Report the 95% confidence interval for the estimate of the causal effect on the incinerator in (d).
conf_low <- diff_diff$conf.low[[2]]
conf_high <- diff_diff$conf.high[[2]]
There is a 95% probability that the estimate of the causal effect on the incinerator is between $-33151 and $-15763.
How does your answer in (d) change when you control for house and lot characteristics? Test the hypothesis that the coefficients on the house and lot characteristics are all jointly equal to 0.
model_control <- lm_robust(data = data,
formula = rprice ~ nearinc
+ year
+ age
+ rooms
+ area
+ land)
summary(model_control)
Call:
lm_robust(formula = rprice ~ nearinc + year + age + rooms + area +
land, data = data)
Standard error type: HC2
Coefficients:
Estimate Std. Error t value Pr(>|t|) CI Lower
(Intercept) -14144.3562 10765.2862 -1.3139 0.189843745252 -35325.5703
nearinc1 -2604.8161 5819.3055 -0.4476 0.654738768621 -14054.5772
year1981 9019.2767 2291.2664 3.9364 0.000101916484 4511.1007
age -260.6588 50.5237 -5.1591 0.000000440517 -360.0667
rooms 6593.7854 1547.5197 4.2609 0.000026950500 3548.9666
area 24.2933 3.9928 6.0843 0.000000003402 16.4372
land 0.1197 0.1349 0.8878 0.375327708821 -0.1456
CI Upper DF
(Intercept) 7036.8580 314
nearinc1 8844.9450 314
year1981 13527.4528 314
age -161.2509 314
rooms 9638.6042 314
area 32.1493 314
land 0.3851 314
Multiple R-squared: 0.6039 , Adjusted R-squared: 0.5963
F-statistic: 89.07 on 6 and 314 DF, p-value: < 0.00000000000000022
The nearinc1 variable coeffcicent is no longer statistically significant; whereas the coefficents of year1981, age, rooms, and area are statistically significant and non-zero. This implies that these other variables impact housing prices more than being located near the incinerator.

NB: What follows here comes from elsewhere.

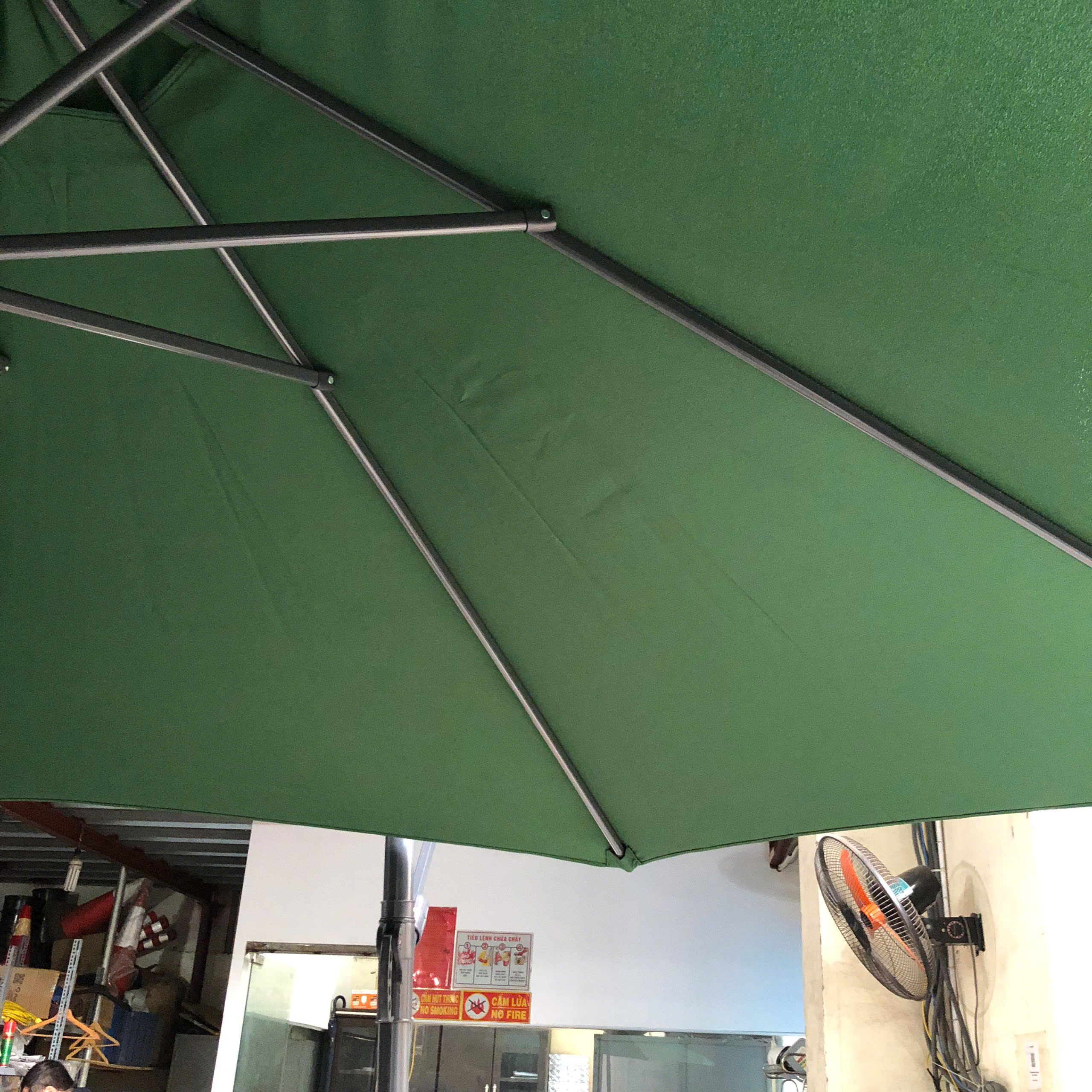 Với chiều cao hợp lý, ô mang đến không gian che phủ thoáng mát cho bàn ghế dưới ô. Thiết kế lệch tâm giúp thao tác dễ dàng và thuận tiện, phù hợp với nhiều vị trí đặt khác nhau trong khu vực ngoài trời.

linear_hypothesis <- linearHypothesis(model = model_control,
c("age=0",
"rooms=0",
"area=0",
"land=0"),
white.adjust="hc2")
summary(linear_hypothesis)
Res.Df Df Chisq Pr(>Chisq)
Min. :314 Min. :4 Min. :134.7 Min. :0
1st Qu.:315 1st Qu.:4 1st Qu.:134.7 1st Qu.:0
Median :316 Median :4 Median :134.7 Median :0
Mean :316 Mean :4 Mean :134.7 Mean :0
3rd Qu.:317 3rd Qu.:4 3rd Qu.:134.7 3rd Qu.:0
Max. :318 Max. :4 Max. :134.7 Max. :0
NA's :1 NA's :1 NA's :1
p_value_lin_hyp <- linear_hypothesis$`Pr(>Chisq)`[2]
p_value_lin_hyp
[1] 0.0000000000000000000000000003851232
Because the p-value << 0, we reject the null hypothesis that the coefficients on the house and lot characteristics are all jointly equal to zero. Therefore, we must control for these previously omitted variables.
Using the results from the DD regression in (f), calculate by how much did real housing values change on average between 1978 and 1981.

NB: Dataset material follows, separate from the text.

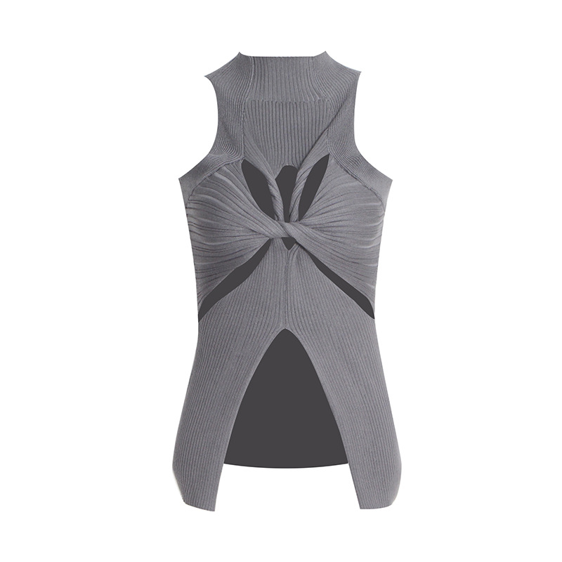 | nameOriginal | Sexy Spice Girl Fashionable Style 2024 Summer New Style Vertical Collar Sleeveless Front Personality Hollow-out Design Slim-fit Irregular Vest |

price_increase <- model_control$coefficients[[3]]
price_increase
[1] 9019.277
Holding all other variables constant, housing prices increased by $9019, on average, between 1978 and 1981.
Explain (in words) what is the key assumption underlying the causal interpretation of the DD estimator in the context of the incinerator construction in North Andover.
The key assumption underlying the causal interpretation of the DD estimator is that the control group provides a valid counterfactual for the temporal evolution of the mean outcomes in the treatment group in absence of a change in treatment. In this example, the key assumption is that the trend in housing price is the same, whether or not a house is located near the incinerator. In other words, the parallel trends assumption indicates that the trend is the same for both the treatment (near incinerator) and control (not near incinerator) groups.